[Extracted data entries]
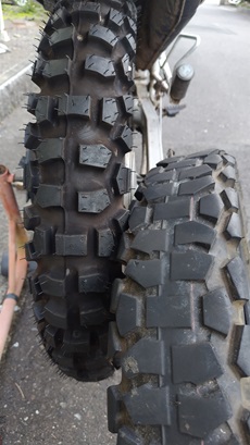 続いて、終わっているDJEBELの前後タイヤをKDXのものに交換(なんとリアは新品)。ところがここで問題発生。フロントは着いたものの、ジェベルのリアは硬くて外れない!あれこれ粘るもついにあきらめ、ショップへ持ち込み交換。メカニック曰く、硬かった、とのこと。
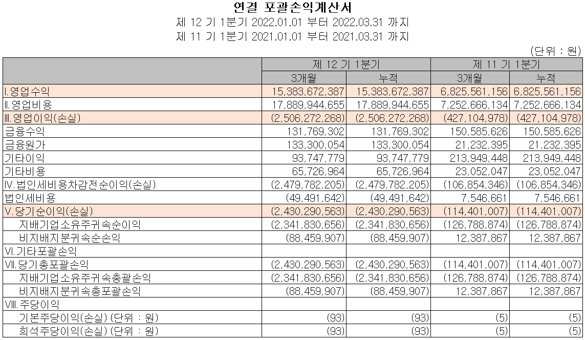 2022년 1분기 실적은 매출액 154억 원으로 전년 동기 대비 125.4% 증가했으며, 영업손실 25억 원과 당기순손실 24억 원으로 적자 지속입니다. 영화 VFX 제작 수주를 주력 사업으로 하는 당사는 코로나19 팬데믹으로 인해 어려움을 겪었으나, 일상 회복과 함께 영화 산업이 활기를 찾으면서 매출 성장과 함께 점진적인 수익성 개선도 예상됩니다.
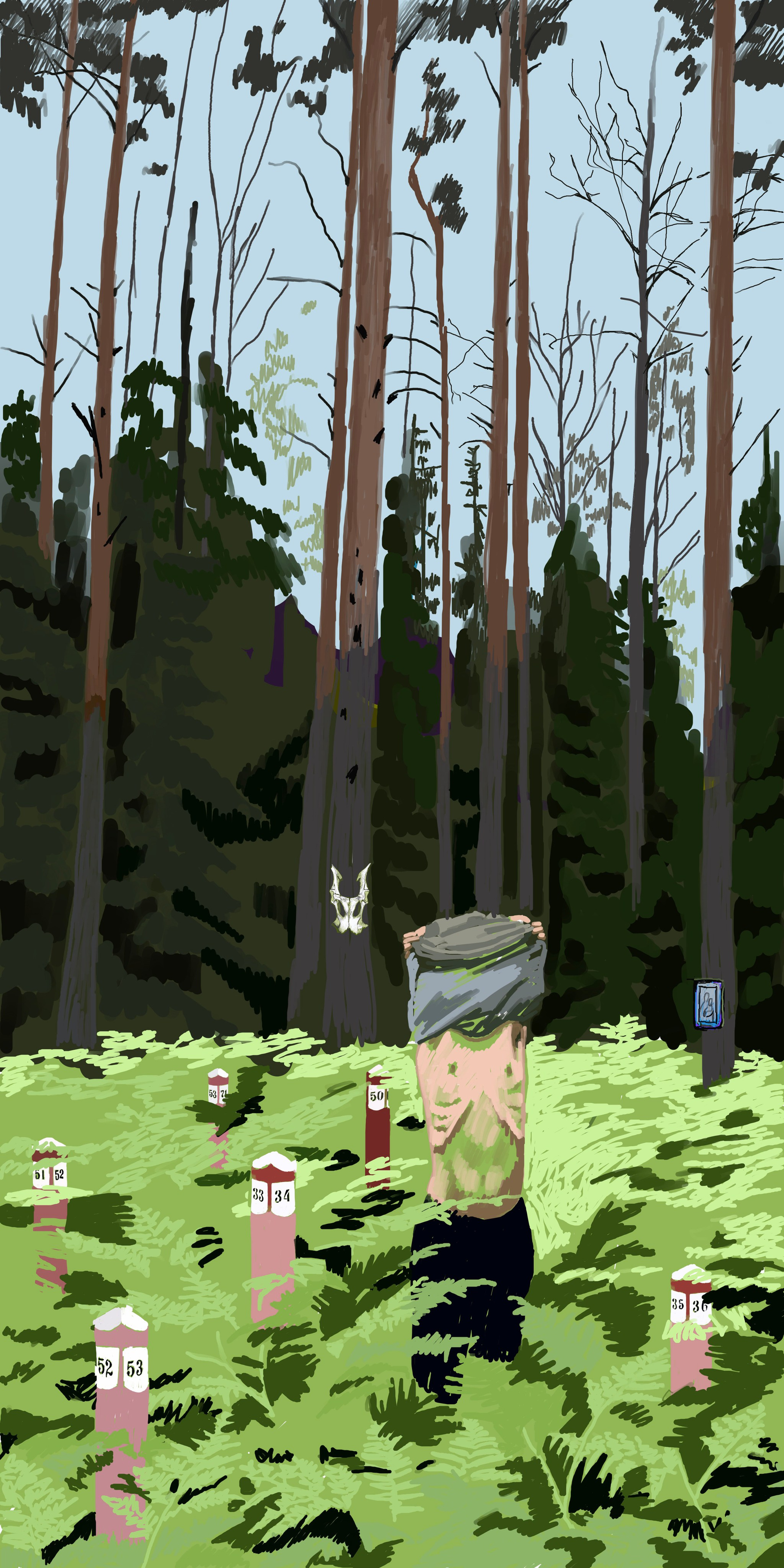 На первом маршруте, при входе в лес, меня встретила висящая на дереве икона Божьей Матери с младенцем. Сразу возникла мысль, что это символом защиты или напоминанием о духовной связи с природой. Она была выцветшего синеватого оттенка в деревянной раме. Тропа проходила по смешанному лесу, преимущественно сосна и ель. Во время маршрута лес постоянно менялся: то ландшафт был хвойным, то березовые рощи со мхом, то заросли папоротников. Так как это заповедник, на пути было много муравейников и квартальных столбов, ярких, красно-белых, будто мухоморы. Этот лес я хорошо знаю: все детство ездила в него на лесную и грибную охоту с дедушкой. Сейчас в этот лес запрещают ходить местным жителям, все сильно поменялось. Поэтому я решила пройти его по своим тропам, обходя пост охраны со шлагбаумом. Пройдя 9 км до искусственного карьера с водой, мне встретился фрагмент скелета неизвестного дикого животного. Позже выяснилось по форме, что это тазовая кость, хотя выглядела она, словно череп с рогами.
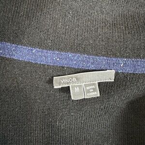 Vince Size Medium Wool Cashmere Blend Navy and Black Open Cardigan With Leather
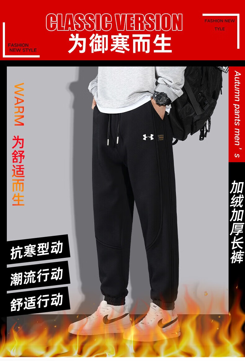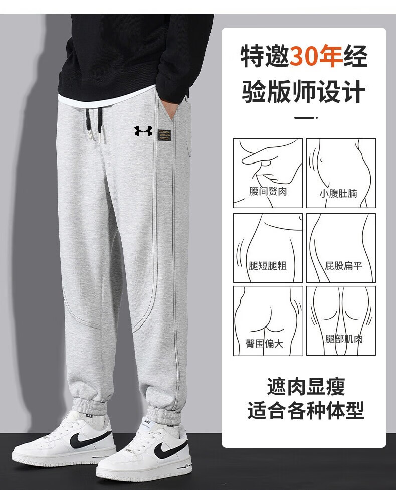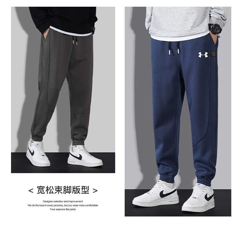 Under Armor Fashion Spring Autumn Winter Men's Casual Sports Trousers Hong Kong Style Trendy Tie-Leg Sweatpants Loose Velvet Small Leg Pants Blue 2XL (Recommended 150-170Jin Jin is equal to 0.5kg)
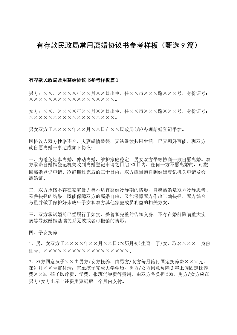 (1)存款:双方名下现有银行存款共_元,双方各分一半,为_元。各自名下的存款保持不变。
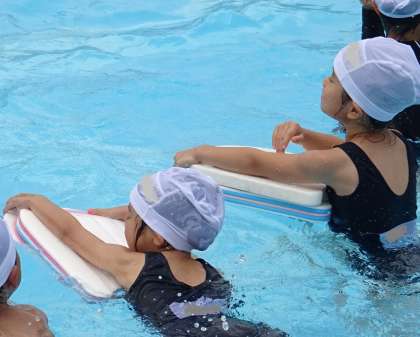 ビート版につかまって浮く練習をしています。
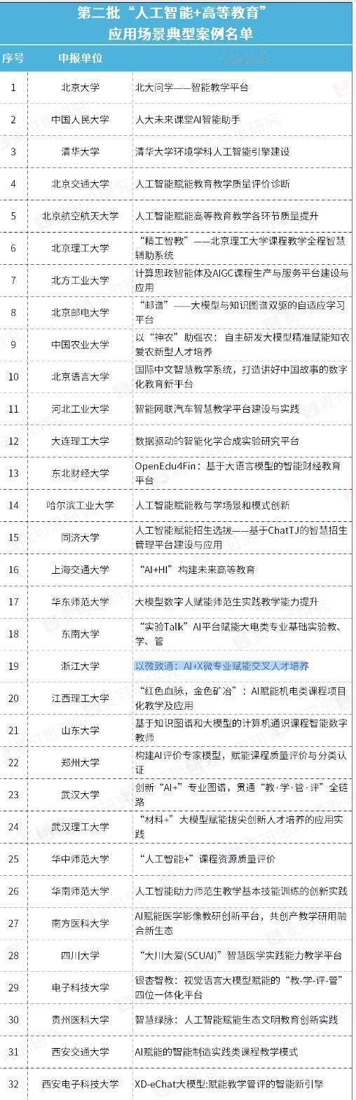 教育部公布三批80个典型案例,其中仅有10所高校连续三批均有案例入选,体现出AI+应用的实力。 近日,教育部公布了第三批“人工智能+高等教育”应用场景典型案例名单,至此,已有三批80个典型案例入选。这些案例将会在国家高等教育智慧教育平台面向全国宣传推广,成为人工智能与高等教育深度融合的示范。 三批80个典型案例中,10所高校成绩突出,连续三批均有案例入选,成为AI+高等教育应用的急先锋,也体现出这些高在“AI+”运用上的实力。这10所高校包括8所“985工程”大学和2所“211工程”大学,分别是北京大学、北京航空航天大学、北京理工大学、北京邮电大学、东南大学、哈尔滨工业大学、浙江大学、西安交通大学和西安电子科技大学、华中师范大学。
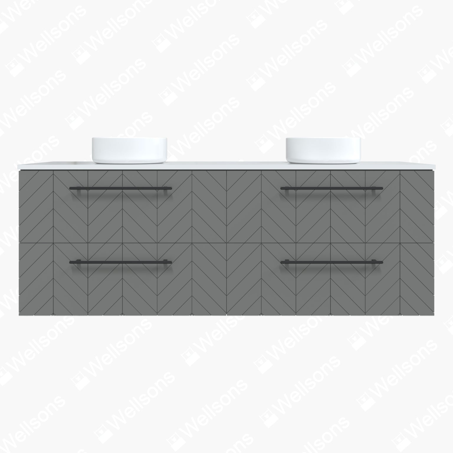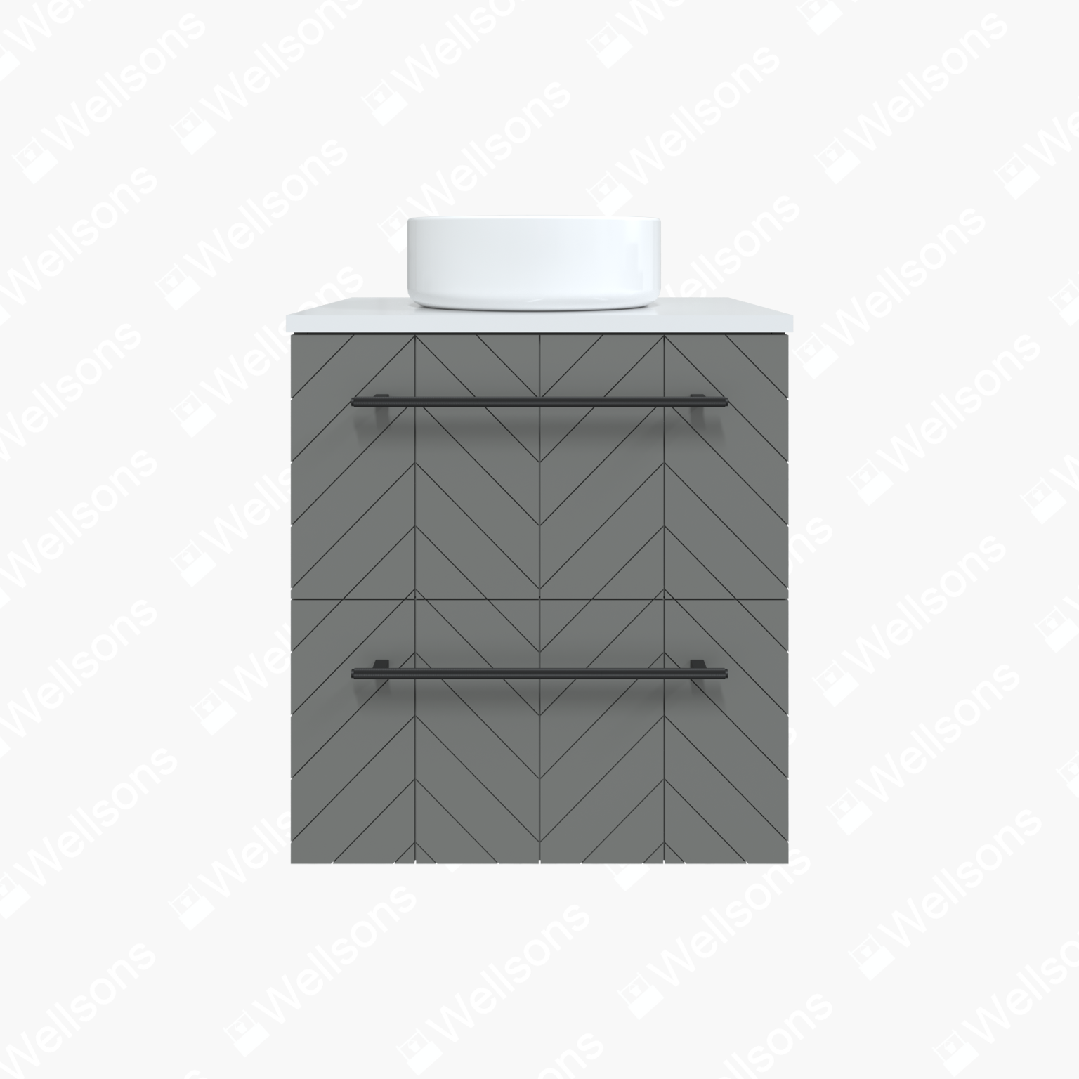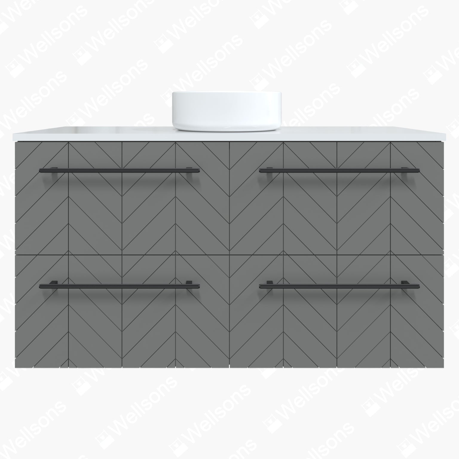 Product: Timberline Sutherland House Caprio Wall Hung Vanity with SilkSurface top and White Gloss Ceramic Above Counter Basin
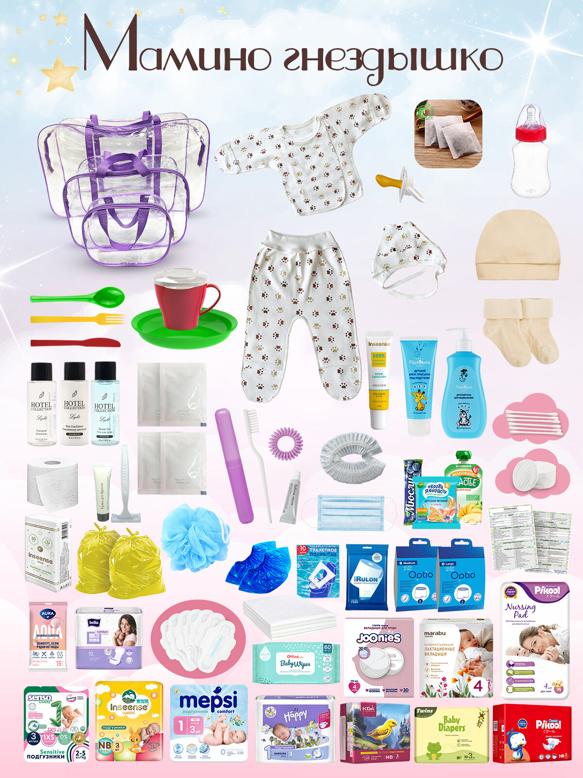СохранитьГотовая сумка в роддом для малыша и мамы с одеждой "Мамино гнездышко", 59 предметов, фиолетовая интересное:
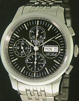 Tissot Le Locle Automatic chronograph model T41.1.387.51. Swiss ETA 7750 Valjoux automatic chronograph movement with 12 hour, 30 minute, and 60 second registers, and a day/date function. highly polished stainless steel case complimented by jet black dial and silver hands and markers. Sapphire crystal and observation back.
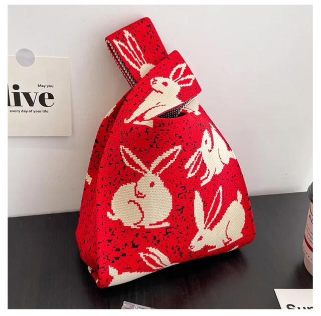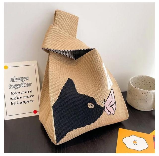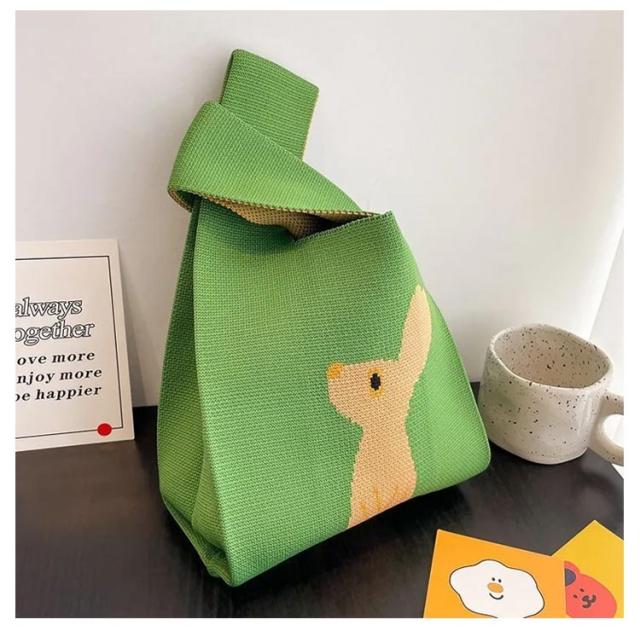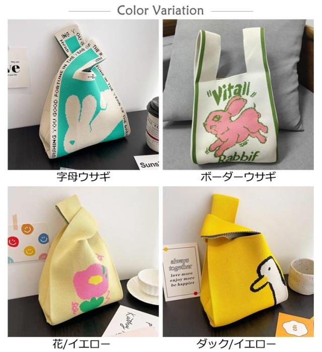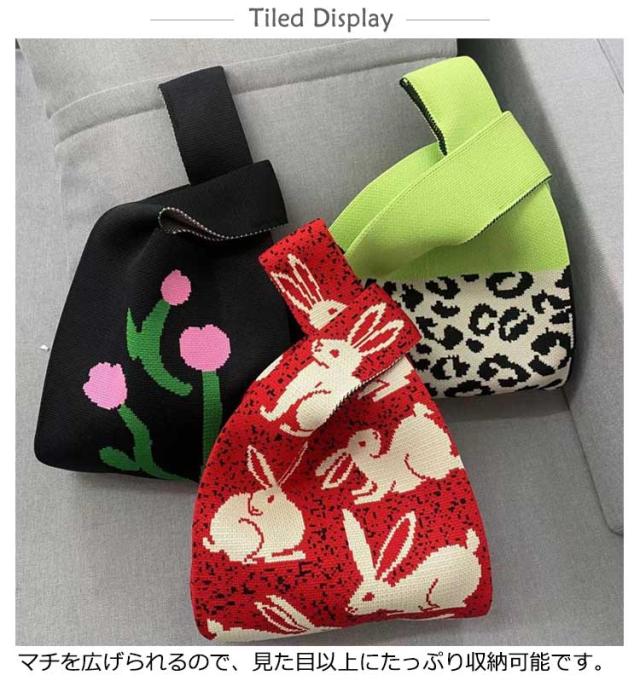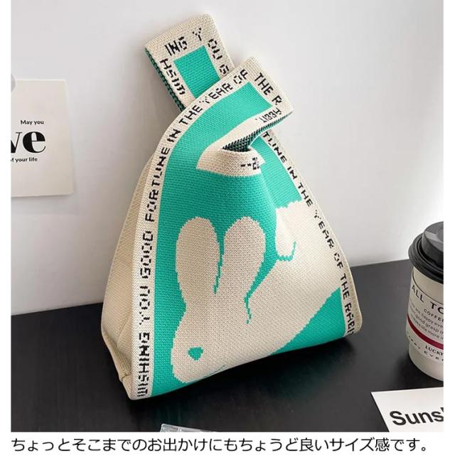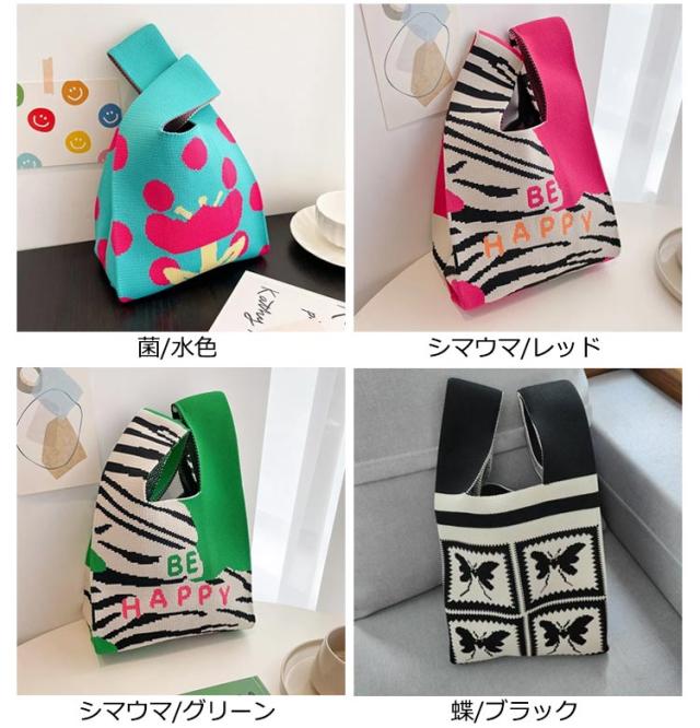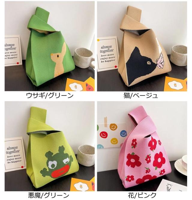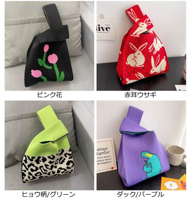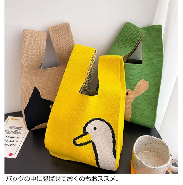 ニット バッグ エコバッグ コンパクト 大容量 手提げバッグ 手提げ袋 ニットバッグ マルシェバッグ かわいい ニット トートバッグ 縦型 軽量 ウサギ 猫 ヒョウ柄 20*35cm おしゃれ ミニバッグ ストライプ 全19柄 可愛い ギフト プレゼント 送料無料

Goal of the exercise: Reproduce nothing but the lines that run from the line containing "Product: Timberline Sutherland" through the last line of the records, inclusive. Omit the pictures.

Exercise answer:
 Product: Timberline Sutherland House Caprio Wall Hung Vanity with SilkSurface top and White Gloss Ceramic Above Counter Basin
СохранитьГотовая сумка в роддом для малыша и мамы с одеждой "Мамино гнездышко", 59 предметов, фиолетовая интересное:
 Tissot Le Locle Automatic chronograph model T41.1.387.51. Swiss ETA 7750 Valjoux automatic chronograph movement with 12 hour, 30 minute, and 60 second registers, and a day/date function. highly polished stainless steel case complimented by jet black dial and silver hands and markers. Sapphire crystal and observation back.
 ニット バッグ エコバッグ コンパクト 大容量 手提げバッグ 手提げ袋 ニットバッグ マルシェバッグ かわいい ニット トートバッグ 縦型 軽量 ウサギ 猫 ヒョウ柄 20*35cm おしゃれ ミニバッグ ストライプ 全19柄 可愛い ギフト プレゼント 送料無料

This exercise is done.